VEGAN SUSHI ROLLS
Vegan Sushi Rolls are a simple and nutritious way to enjoy sushi without fish. These rolls feature creamy avocado, crunchy cucumber and carrot, and perfectly cooked sushi rice, all wrapped in a sheet of nori (seaweed). The fresh, vibrant flavours combine beautifully, making this dish an excellent option for a light lunch, snack, or appetiser. Served with soy sauce for dipping, this sushi is vegan-friendly and rich in fibre and essential nutrients. It’s quick to make, delicious, and satisfying for sushi lovers looking for a plant-based alternative.
RECIPE CATEGORY
Lunch, Dinner, Snack, Appetisers
SERVING SIZE
1 serving
CUISINE
Japanese, Asian
PREPARATION / TECHNIQUES
No-Cook, One-Pot Wonders
OCCASION / HOLIDAY
Picnic, Quick Lunch, Summer, Spring, Weeknight Dinner, Super Bowl
SPECIAL CONSIDERATION / DIETARY CONCERNS
Vegan, Healthy, High Fibre, Gluten-Free, Low Cholesterol, Quick & Easy, Organic
DISH TYPE
Sushi, Snack, Appetiser
INGREDIENTS FOR VEGAN SUSHI ROLLS
- 1 sheet nori (seaweed)
- 1/4 cup sushi rice, cooked
- 1/4 cucumber, julienned
- 1/4 carrot, julienned
- 1/4 avocado, sliced
- 1 tbsp soy sauce
FULL NUTRITIONAL INFORMATION
- Calories: 180
- Protein: 4g
- Carbohydrates: 32g
- Fibre: 5g
- Fat: 6g
- Saturated Fat: 1g
- Sodium: 400mg
- Sugars: 2g
PREPARATION FOR VEGAN SUSHI ROLLS
- Prepare the Vegetables: Julienne put the cucumber and carrot into thin strips.

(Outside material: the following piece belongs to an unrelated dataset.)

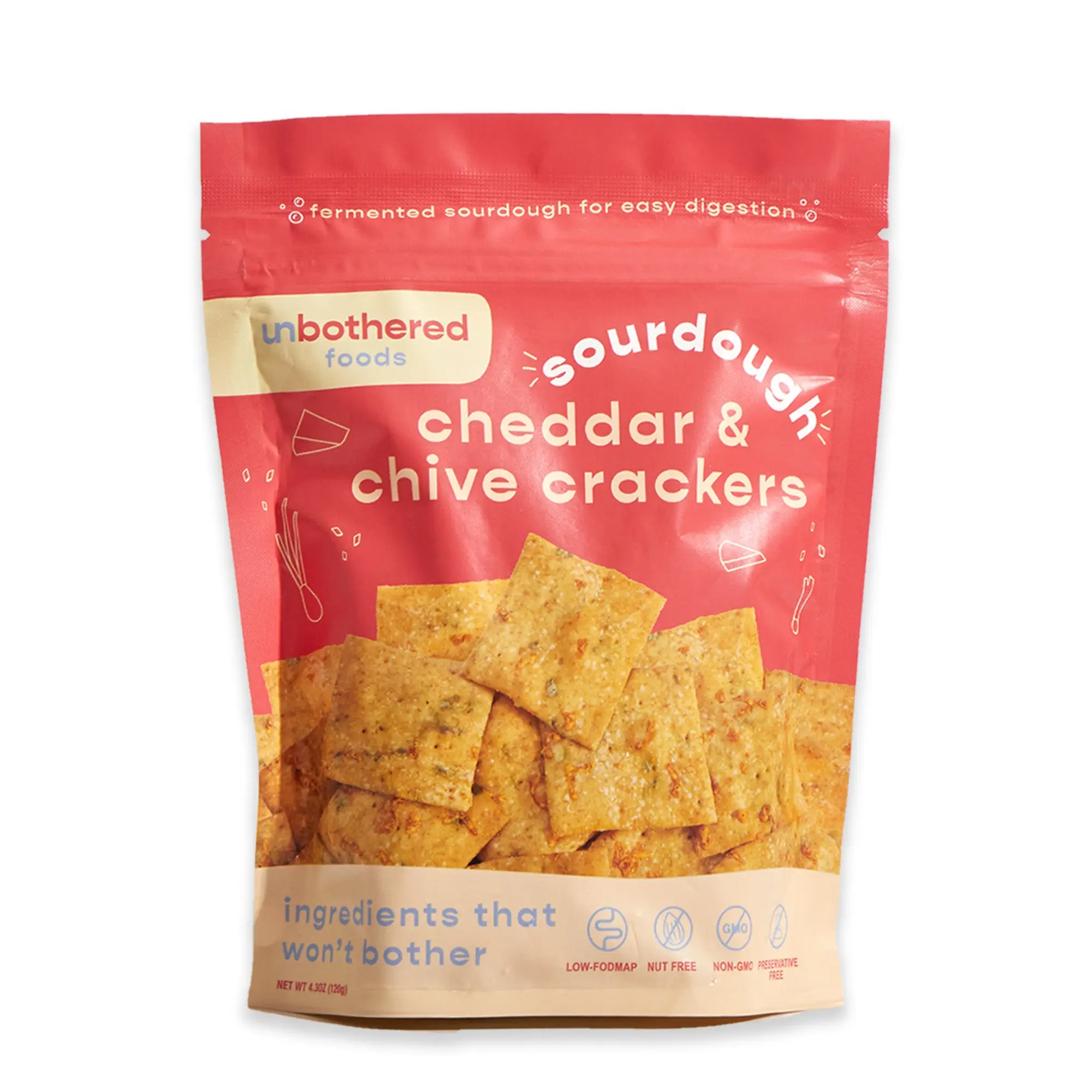 Unbothered Foods Cheddar & Chive Crackers use sourdough culture, unbleached flour, olive oil, sharp cheddar cheese, and chives. These crackers provide a rich, savory taste with real, tangy flavor and a hint of fresh herb. They are made with simple ingredients. 🌿
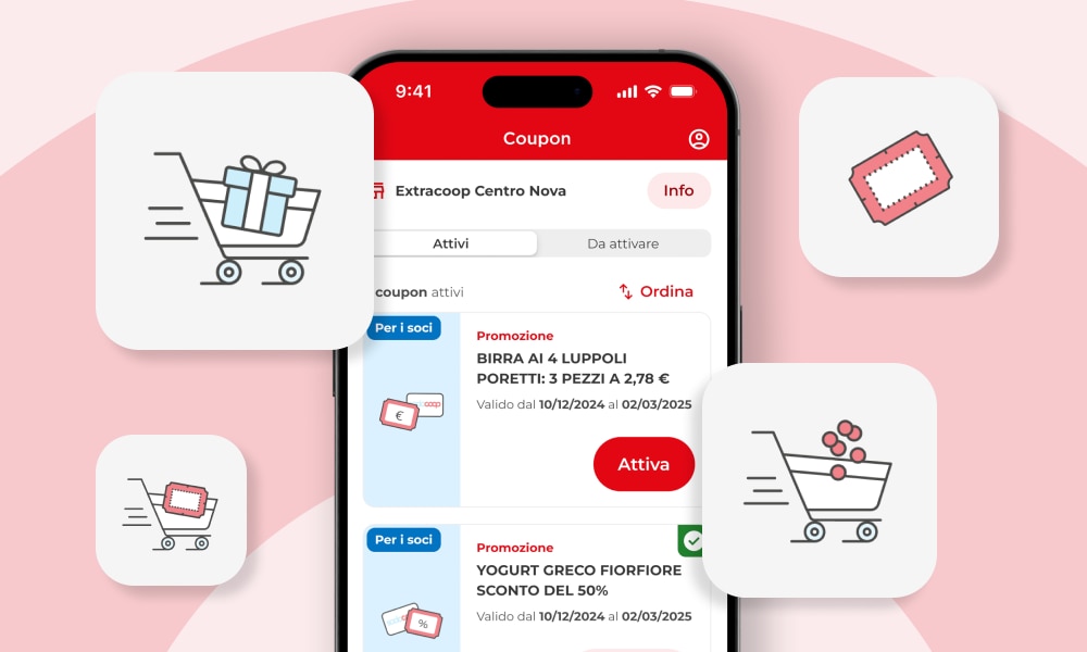 I coupon di Coop Alleanza 3.0 riservati ai soci ti aiutano a risparmiare sulla spesa o ad accumulare più punti. Tieni sempre sotto controllo la tua area Coupon per verificare le novità dedicate a te, attiva i coupon prima dell’acquisto o utilizza quelli già attivi, e inizia a risparmiare!

Slice the avocado into even slices.
- Prepare the Sushi Rice: Cook the sushi rice according to the instructions. Allow it to cool slightly before assembling the rolls.
- Assemble the Sushi Roll: Place the nori sheet, shiny side down, on a bamboo sushi mat or a clean, flat surface. Spread the sushi rice evenly across the nori, leaving a 1-inch border at the top.
- Add the Fillings: Layer the cucumber, carrot, and avocado slices horizontally across the middle of the rice.
- Roll the Sushi: Using the bamboo mat, gently roll the nori away from you, tucking in the filling as you roll. Wet the edge of the nori with a bit of water to seal the roll.
- Slice and Serve: Use a sharp knife to slice the roll into bite-sized pieces. Serve with soy sauce on the side for dipping.
PREP TIME
10 minutes
COOKING TIME
10 minutes (for sushi rice)
TIPS FOR VEGAN SUSHI ROLLS
- Wet your hands with water before handling the sushi rice to prevent it from sticking.
- Use a sharp knife to slice the sushi rolls cleanly, wiping it with a damp cloth between cuts.
- If you prefer firmer sushi, let the rolls chill in the fridge for 10-15 minutes before slicing.
VARIATIONS
- Add pickled ginger or wasabi for a spicier sushi experience.
- Include other vegetables like bell peppers, spinach, or radish for added texture and flavour.
- Swap soy sauce for tamari to make the dish gluten-free.
- Add marinated tofu strips or a sprinkle of sesame seeds for extra protein.
PREPPING AND STORAGE
- Fridge: Store leftover sushi rolls in an airtight container in the refrigerator for up to 24 hours. Keep them wrapped tightly to prevent the nori from becoming soggy.
- Freezer: We don’t recommend freezing it, as the texture of the rice and vegetables may change after thawing.